Clustering is just one part of an entire strategy needed to help reduce application downtime. You will also need to purchase a shared disk array (more on this later) that offers redundancy, make tape backups, put the server behind a firewall, make sure your network connections have redundancy, use battery backup, and locate the server in a secure facility, among many other steps you can take. So don’t think that clustering is all you need for creating a highly available SQL Server. It is just one part.

What Are the Types of Clustering?

When you decide you want to cluster SQL Server, you have a choice of configuring what is called Active/Active or an Active/Passive cluster. Each has its own pros and cons. Let’s look at each, in the context of a two-node SQL Server cluster.

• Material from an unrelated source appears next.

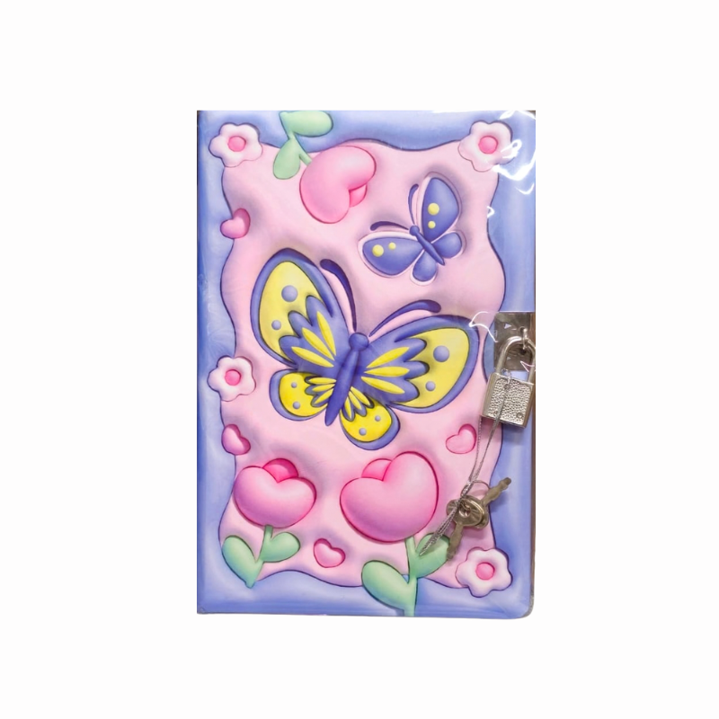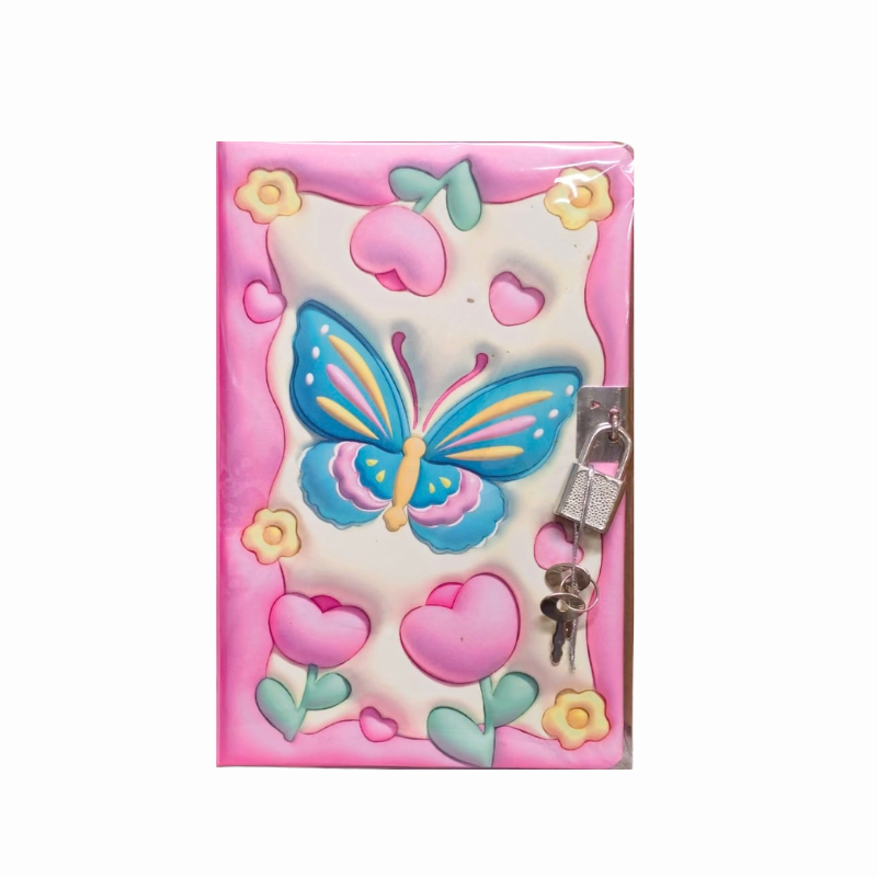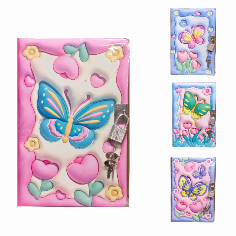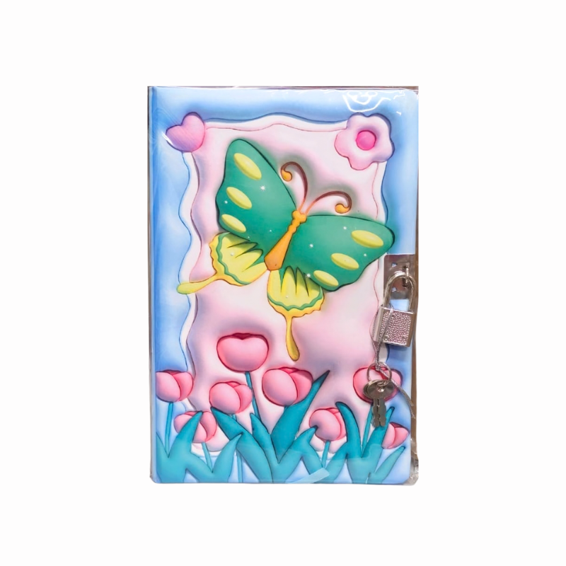 Jurnal format B6 cu 80 de file, decorat cu model vesel cu fluturași și elemente florale colorate. Este prevăzut cu lacăt și cheiță, oferind un plus de intimitate pentru notițe, gânduri și amintiri personale. Potrivit pentru utilizarea zilnică, la școală sau acasă, fiind atât practice, cât și decorative.

An Active/Active SQL Server cluster means that SQL Server is running on both nodes of a two-way cluster. Each copy of SQL Server acts independently, and users see two different SQL Servers. If one of the SQL Servers in the cluster should fail, then the failed instance of SQL Server will failover to the remaining server. This means that then both instances of SQL Server will be running on one physical server, instead of two.

As you can imagine, if two instances have to run on one physical server, performance can be affected, especially if the server’s have not been sized appropriately.

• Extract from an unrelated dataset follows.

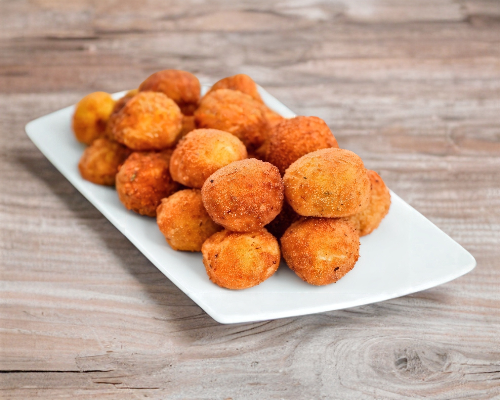 9 pzas, bolitas de papa, rellenas de queso amarillo & jalapeño.

An Active/Passive SQL Server cluster refers to a SQL Server cluster where only one instance of SQL Server is running on one of the physical servers in the cluster, and the other physical server does nothing, other that waiting to takeover should the primary node should fail.

From a performance perspective, this is the better solution. On the other hand, this option makes less productive use of your physical hardware, which means this solution is more expensive.

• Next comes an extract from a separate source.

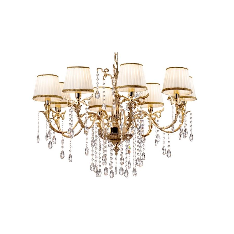 Chandelier in cast brass with lampshades and crystal pendants. Lighting item that diffuses the light with great effect in the surrounding environement creating a warm and welcoming atmosphere.

Personally, I prefer an Active/Passive configuration as it is easier to set up and administer, and overall it will provide better performance. Assuming you have the budget, this is what I recommend.

Two- or Four-Node Clustering?

SQL Server can be clustered using two nodes (using Windows 2000 Advanced Server), or it can be clustered using more than two nodes (using Windows 2000 Datacenter). Since I don’t personally have any experience is three or four node clustering, I won’t be discussing it here. But for the most part, what I say about two-node clustering also applies to three- or four-node clustering.

How Does Clustering Work?

Clustering is a very complex technology, so I will focus here on the big picture. In a two-cluster node, one of the SQL Servers is referred to as the primary node, and the second one is referred to as the secondary node. In an Active/Passive cluster design, SQL Server will run on the primary node, and should the primary node fail, then the secondary node will take over.

When you build a two-node cluster using Windows 2000 Advanced Server and Microsoft Clustering Service, each node must be connected to a shared disk array using either SCSI cables or fibre channel.

Typically, this shared disk array is a stand-alone unit that houses a RAID 5 or RAID 10 disk array. All of the shared data in the cluster must be stored on this disk array, otherwise when a failover occurs, the secondary node in the cluster cannot access it. As I have already mentioned earlier, clustering does not help protect data or the shared disk array that it is stored on. Because of this, it is very important that you select a shared disk array that is very reliable and includes fault tolerance.

Besides both servers being connected to a shared disk array, both nodes of the cluster are also connected to each other via a private network. This private network is used for each node to keep track of the status of the other node. For example, if the primary node experiences a hardware failure, the secondary node will detect this and will automatically initiate a failover.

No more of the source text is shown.